LLM output varies in casing and formatting. Foundry uses Zod helpers that normalize before validation:

const lenientEnum = (values: string[]) =>
  z.string().transform(v => v.toLowerCase().replace(/\s+/g, "_"));

This prevents crashes when Claude returns "High" instead of "high" or "In Progress" instead of "in_progress".

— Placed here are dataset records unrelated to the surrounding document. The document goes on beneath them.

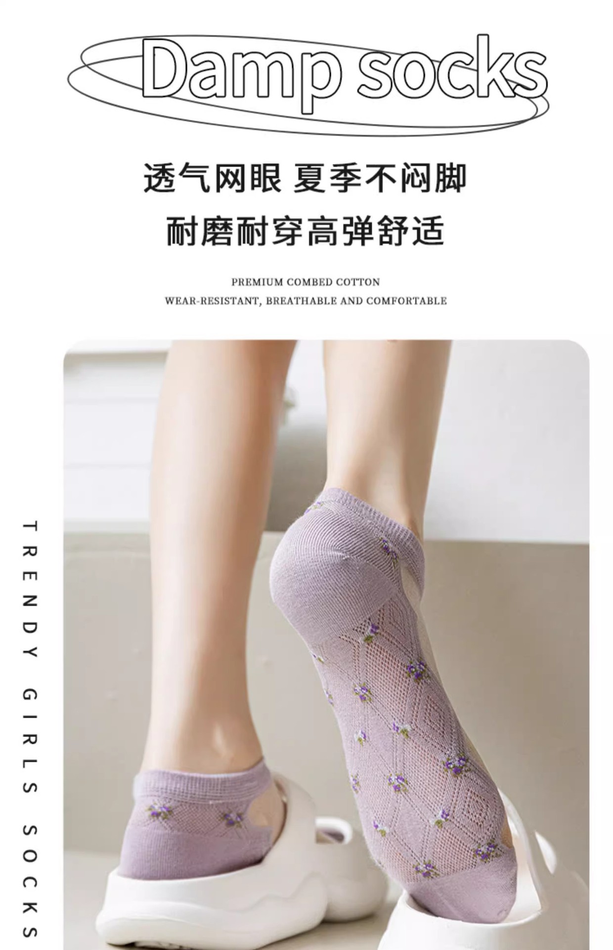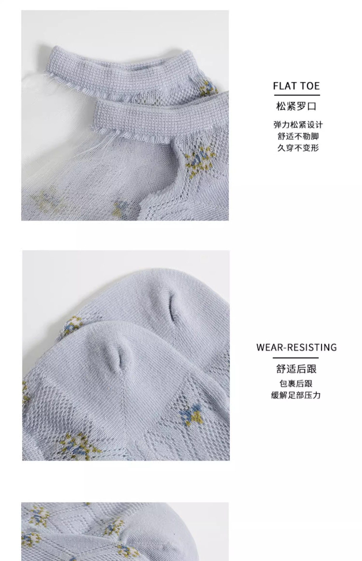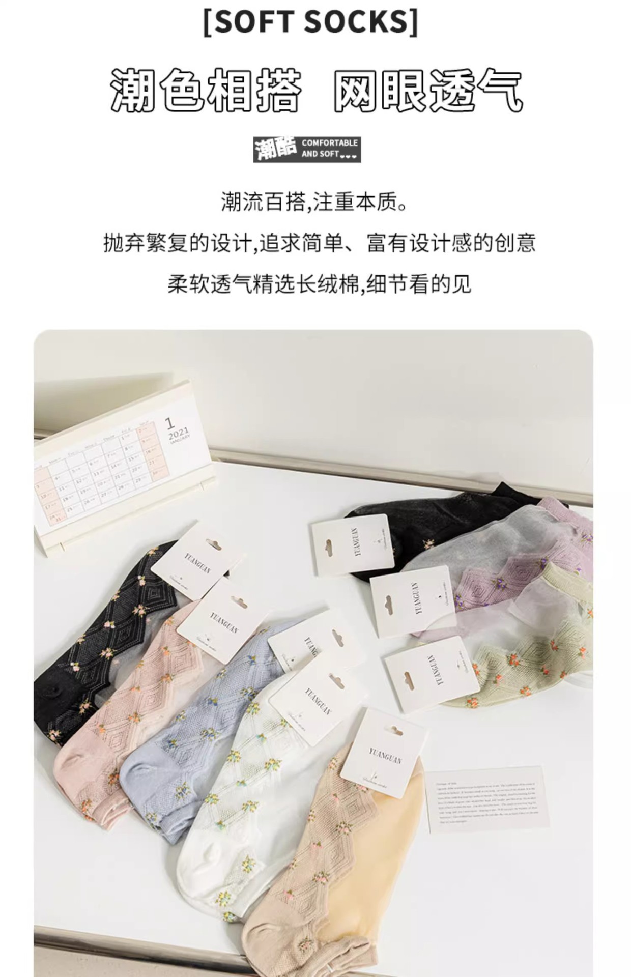 유리 실크 크리스탈 양말 여성의 여름 얇은 코튼 바닥 Tulle 짧은 양말 인터넷 인기있는 Instagram 인기있는 여름 얕은 컷 보트 양말스토어 가기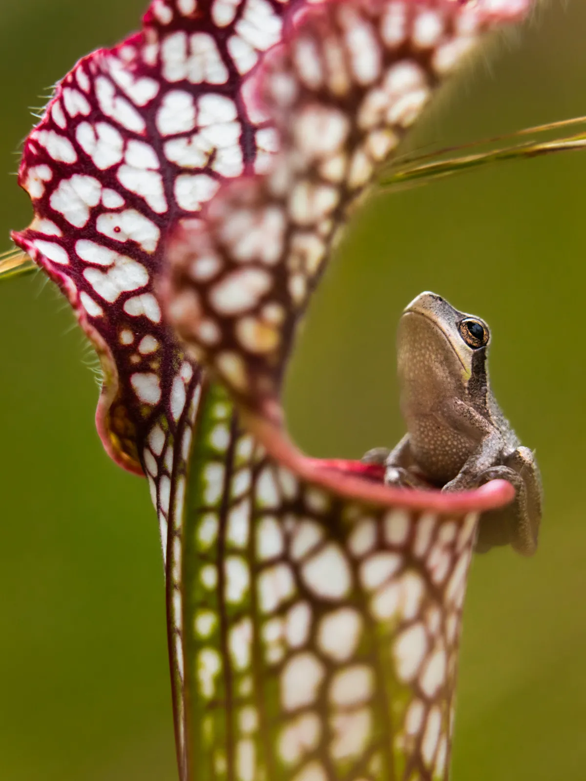 A Squirrel Treefrog (Hyla squirella) hangs out on the Crimson Pitcher Plant (Sarracenia leucophylla) awaiting its next meal. This image was captured while filming for a documentary focusing on the natural treasures of Southeastern North Carolina for the University of North Carolina Wilmington.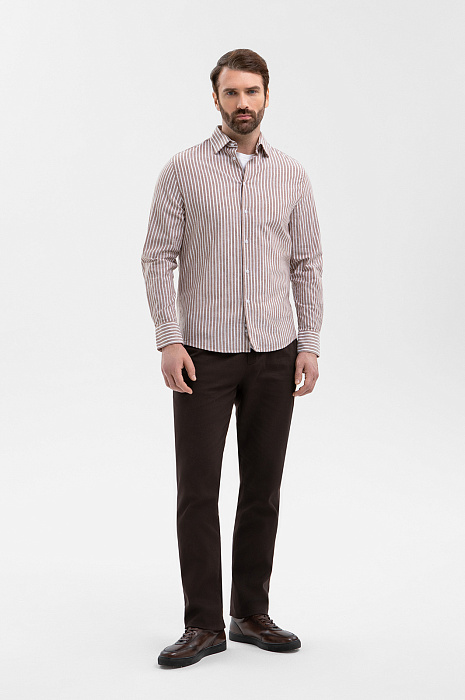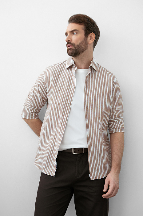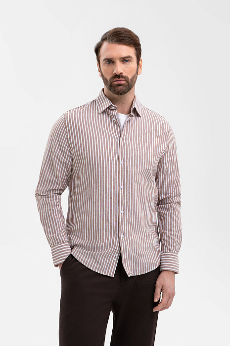 Сорочка из хлопка и льна, цвет коричневый, цена 8 990 руб., код 270877 - купить в Омске в интернет-магазине KANZLER

Streaming incremental persistence

Subtask generation parses partial JSON via brace-depth tracking. Each completed subtask is inserted into Convex as it arrives in the stream. Users see subtasks appear one by one in real time rather than waiting for the full response.

Repository structure injection

getRepoStructureForProgram() fetches the live GitHub file tree and injects it into task decomposition prompts. Agents know the actual codebase structure — file paths, directory organization — not abstract requirements alone.

Duplicate-aware extraction

During document analysis, existing requirement titles are injected as an <existing-requirements> XML block. Claude classifies each finding as new, update, or duplicate rather than extracting requirements that already exist.

AI feature modules

Module	Trigger	Model Tier	Output
Document analysis	Document upload	Opus 4.6	Requirements, risks, integrations, decisions
Task decomposition	Requirement view	Sonnet 4.5 v2	Tasks with acceptance criteria, story points
Subtask generation	Task execution	Sonnet 4.5 v2	Scoped subtasks with complexity scores
Sprint planning	Sprint view	Sonnet 4.5 v2	Capacity-aware task recommendations
Gate evaluation	Gate detail	Sonnet 4.5 v2	Readiness score (0-100%), blockers
Risk assessment	On-demand	Sonnet 4.5 v2	Risk identification, escalations, impacts
Health scoring	Daily cron	Sonnet 4.5 v2	5-factor workstream health scores
Skill execution	Sandbox	Sonnet 4.5	Code generation in isolated containers
PR description	Sandbox push	Sonnet 4.5 v2	AI-generated PR description from diff
Code review	GitHub comment	Sonnet 4.5 v2	Context-aware review posted to PR

Token tracking

Every AI call tracks token usage via extractTokenUsage() and calculates cost. Records are stored in aiUsageRecords for billing and observability. The Agent Activity dashboard groups operations by requirement, enabling tracing from intake through implementation.